Uniaxial compressive strength (UCS) is a critical geo-mechanical property used to assess the mechanical properties of subsurface formations. While the traditional laboratory tests for UCS estimation are accurate, they are time-consuming and costly. The advancements in machine learning offer a more efficient option for UCS prediction using real-time data. This work investigates the predictive ability of three types of Gradient Boosting Machines (GBMs): Standard Gradient Boosting, Stochastic Gradient Boosting, and eXtreme Gradient Boosting (XGBoost) for UCS prediction. Unlike conventional machine learning approaches, which depend on static model inputs, lagging techniques were applied where drilling depth data from earlier depths were used as input features, allowing for dynamic model changes and enhanced prediction accuracy as new data is acquired in real time.
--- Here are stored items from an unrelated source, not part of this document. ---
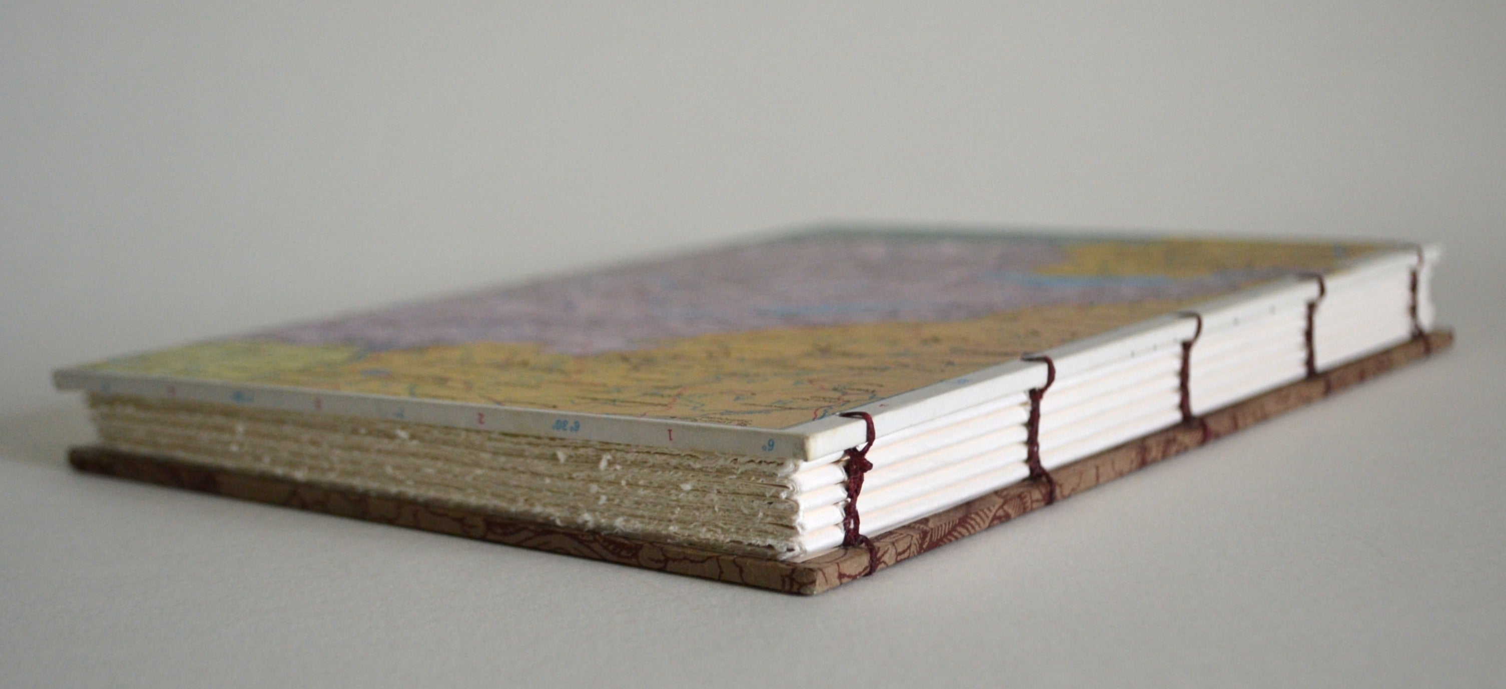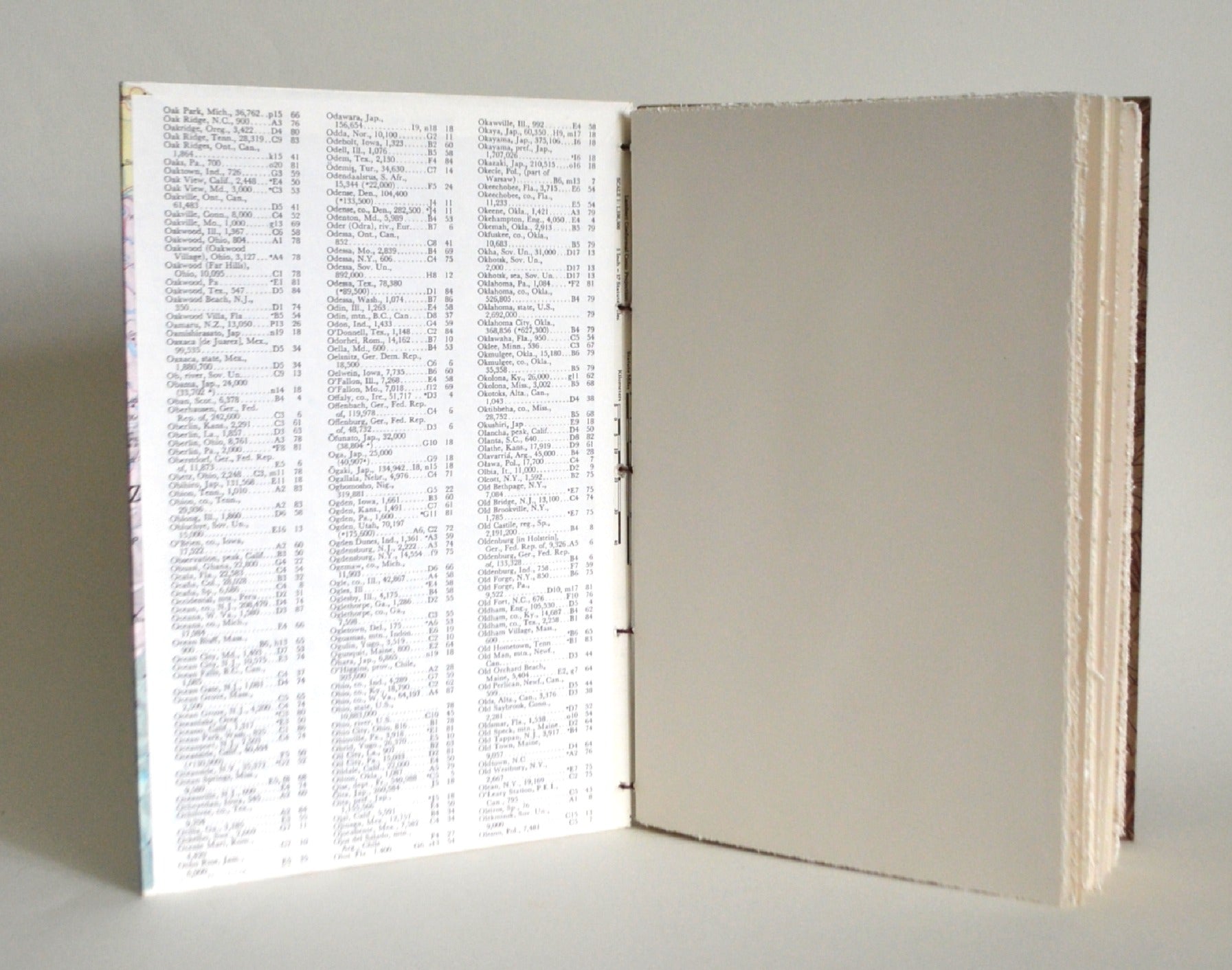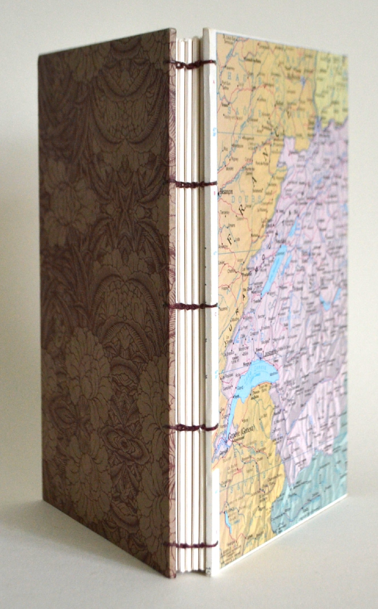 This unique blank book is covered in a vintage map of Central Europe (featuring the Alpine region). Exquisite Nepalese lokta paper adorns the back cover. Inside, the end papers are repurposed pages from actual atlases.
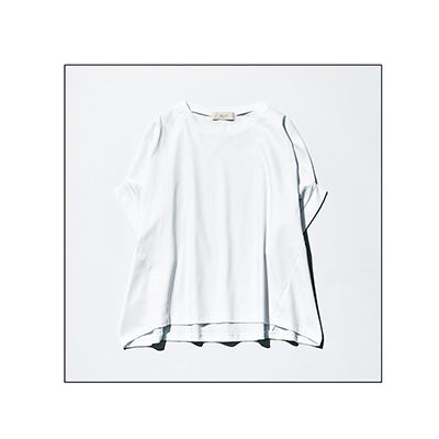 白スクエアフォルムTシャツ/ビーミング by ビームス 通常のクルーネックよりも、首まわりに余裕を持たせることで顔まわりもすっきり。そでも長すぎず、落ち感のある素材と相まって、着るとノースリーブを長くしたような仕上がり。
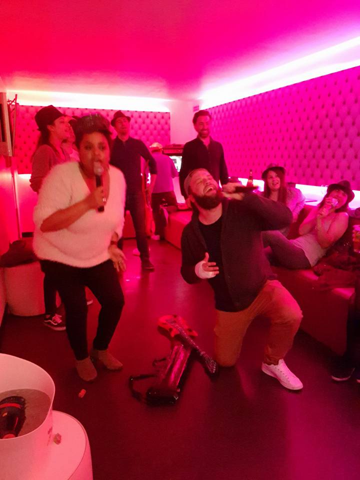 Ce qui est appréciable, c’est que le temps est optimisé. Pas de perte de temps à sortir pour commander au bar ses consos. En deux clics, tout vient à vous. Franchement, on s’est fait une soirée de rois. Champagne Mumm, plateaux de charcuterie et de fromage. Et on ne sait pas arrêter là. La bienséance nous oblige par contre à taire le nombre de tournées commandées. Sûrement au prorata du plaisir ressenti à écouter l’alternance des casseroles confirmées et des talents incompris. Le déguisement est aussi un plus pour permettre au chanteur de rentrer dans la peau de l’artiste d’un soir mais aussi aux moins chanteurs de s’amuser aussi.
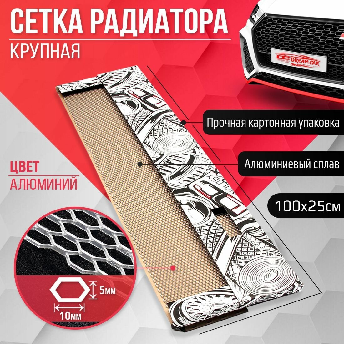 DreamCar Technology Сетка радиатора Крупная 10х5мм 25х100см алюминий интересное:
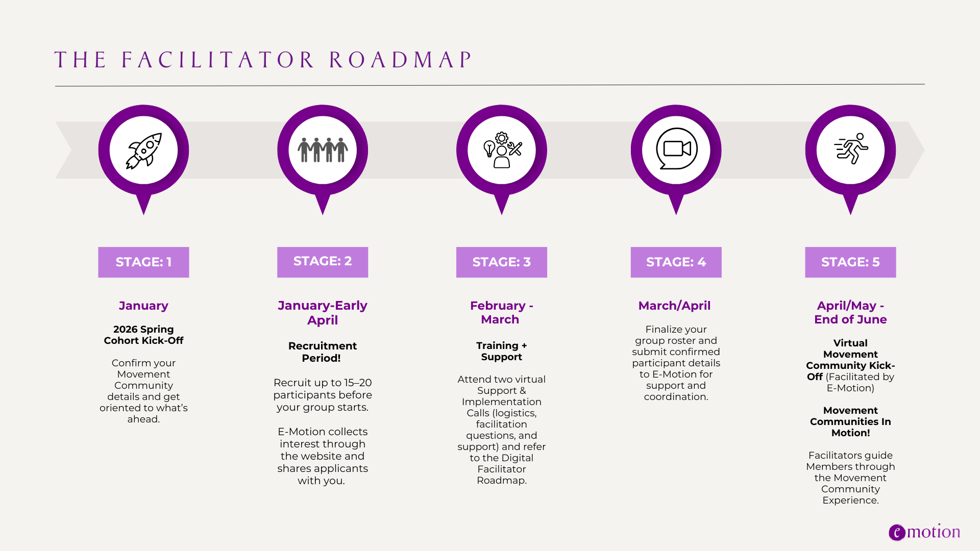 While E-Motion provides the tools, structure, and support, Facilitators lead the recruitment efforts in their local communities. Together, we’ll work to build a group that feels aligned, supported, and ready to move together.

The data set included 2056 drilling data points, comprising rate of penetration (ROP), mud pumping rate (GPM), standpipe pressure (SPP), rotary speed (RPM), torque (T), and weight on bit (WOB), with an unseen validation data set of 870 points. Hyperparameter optimization significantly improved the prediction performance with XGBoost achieving superior accuracy, shown by the lowest error metrics across the test and validation data set. This technique offers significant potential for improving real-time UCS predictions in carbonate formations, enhancing drilling efficiency while reducing risks such as wellbore instability.